Qualsiasi tifoso degno di tal nome – chi ha scommesso sapendo della combine, ovviamente, non lo è – oggi non può non sentirsi preso per il culo: altro che salvezza, promozione o scudetto, per cosa abbiamo davvero sperato, imprecato, esultato e smadonnato fino a pochi giorni fa? “Cristo, pietà”, nemmeno possiamo dirlo, ce l’ha già scippato Beppe: ” Signori: Pietà”, battono le agenzie.
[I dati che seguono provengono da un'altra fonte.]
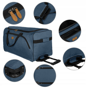 Šis erdvus kelioninis krepšys yra pagamintas iš itin patvaraus poliesterio audinio, užtikrinančio ilgaamžiškumą ir patikimumą kelionėse.
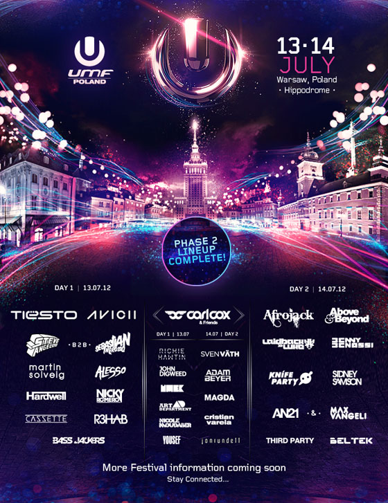 UMF nareszcie dotarł do Europy. Organizatorzy polskiej edycji właśnie ogłosili line-up na to wydarzenie, które odbędzie się 13-14 lipca w Warszawie. UMF Miami słynie ze swoich imponujących instalacji scenicznych oraz i zapierających dech w piersiach efektów audiowizualnych. Najlepsi dj’e grający w jednym miejscu, na kilku scenach. Gościem specjalnym tegorocznej edycji była Madonna, która pojawiła się na scenie podczas występu Avicii. Tego roku ponad 200.000 fanów każdego podgatunku muzyki elektronicznej, przybyło na ten legendarny festiwal w Miami. UMF Poland szykuje w Warszawie wydarzenie równie niezapomniane jak w USA. Oszałamiająca muzyka, zaskakujący goście, doskonałe imprezy klubowe towarzyszące festiwalowi oraz dwa dni nieprzerwanego tańca!
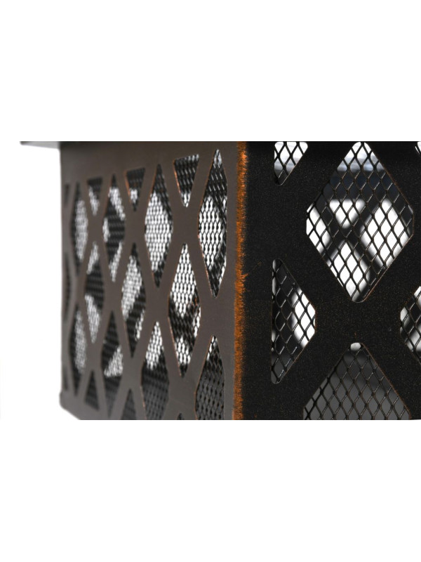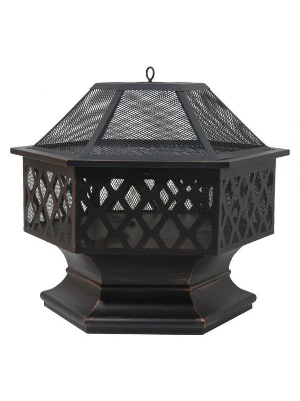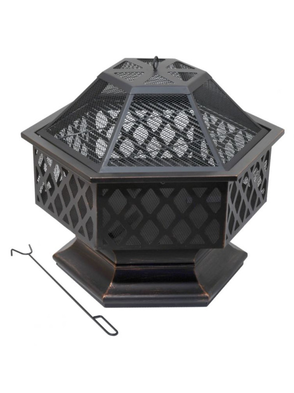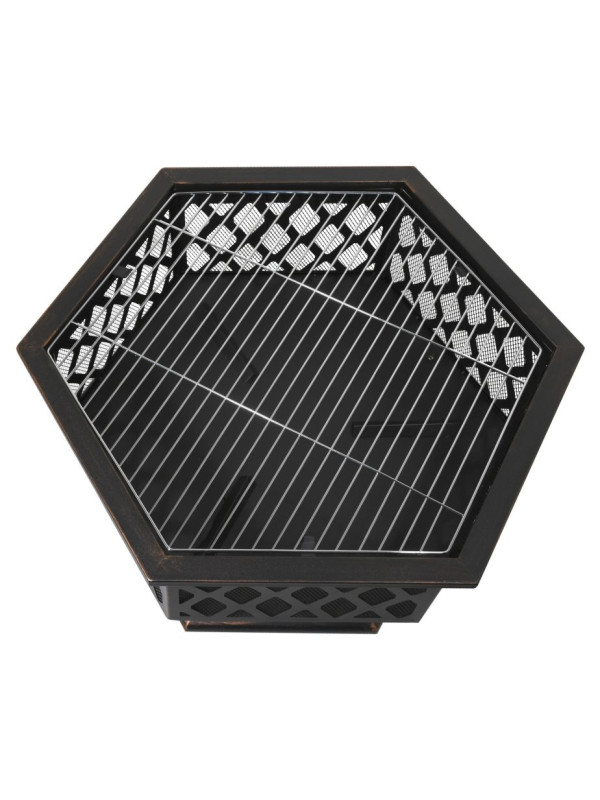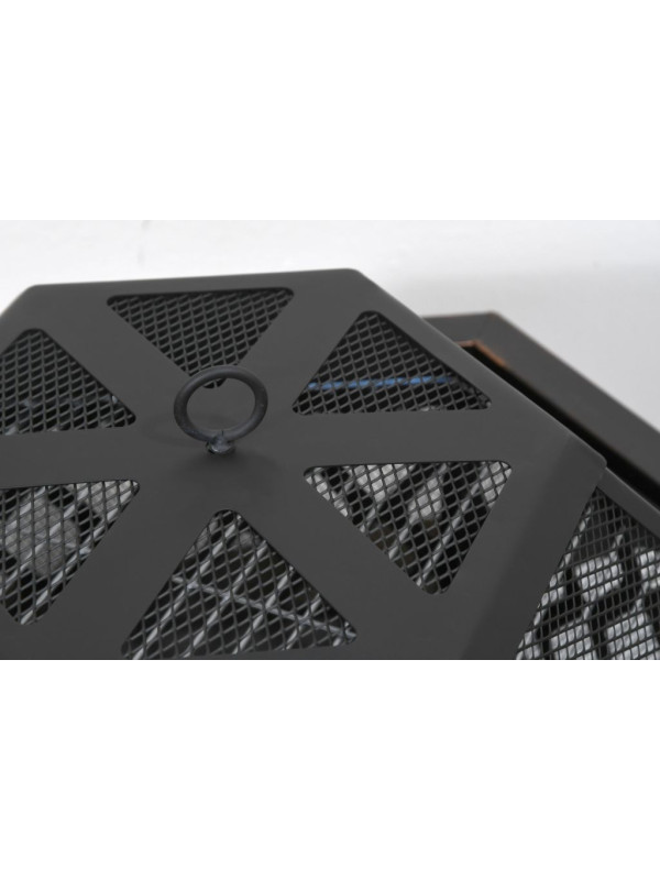 Prenosné ohnisko na drevo HEXAGON so šesťuholníkovou konštrukciou vhodné na terasy a záhrady. Konštrukcia ohniska je vyrobená z kvalitnej ocele s vysokoteplotným čiernym/medeným náterom s patinou. Na grilovanie je ohnisko vybavené oceľovým roštom s rozmermi 61 x 53 cm. Špeciálne tvarovaný poklop s pletivom poslúži ako ochrana pred iskrami, čo výrazne zvyšuje bezpečnosť a pohodlie. Ohnisko je navyše vybavené pevným podstavcom, jeho umiestnenie tak ponúka skrášlenie priestoru.

Che fare, dunque? Mentre la giustizia farà – si spera – giustizia, servirebbe uno sciopero del tifo a oltranza: al netto della maglia e della fede, farsi un esame collettivo di coscienza sportiva e decidere che A, B, C sono solo lettere truccate, non serie per cui credere, gioire e sportivamente morire. Avremo, non dico il coraggio, ma la semplice ragione per farlo? Ovviamente no, e questo dice molto di come le emozioni oggi siano – consapevolmente, a questo punto – in svendita dalla realtà, anzi, di come siano colpevolmente indifferenti alla realtà delle cose: sugli spalti, davanti alla tv, che cosa abbiamo tifato e che cosa continueremo a tifare? Il tabellino di un’associazione a delinquere o l’imprevedibilità del gioco?
Già la lettera dei nomi coinvolti fa propendere per la prima ipotesi: Doni i doni parrebbe farli più al suo portafoglio che all’Atalanta; Bettarini è già stato diviso in due: Bet-tarini; Signori è Venghino Signori, perché rien ne va plus, les jueux sont faits, chiedere a “zingari”, “albanesi” e “bolognesi” per credere.
Se la giustizia confermerà, su tutte credo un’immagine rimarrà indelebile: 19 marzo 2011, Doni che alza la maglia e dedica al padre il suo primo gol su rigore al Piacenza (3 a 0, una comica triste e truffaldina). Alla Festa del Papà non si comanda, viceversa, il calcio si può comandare?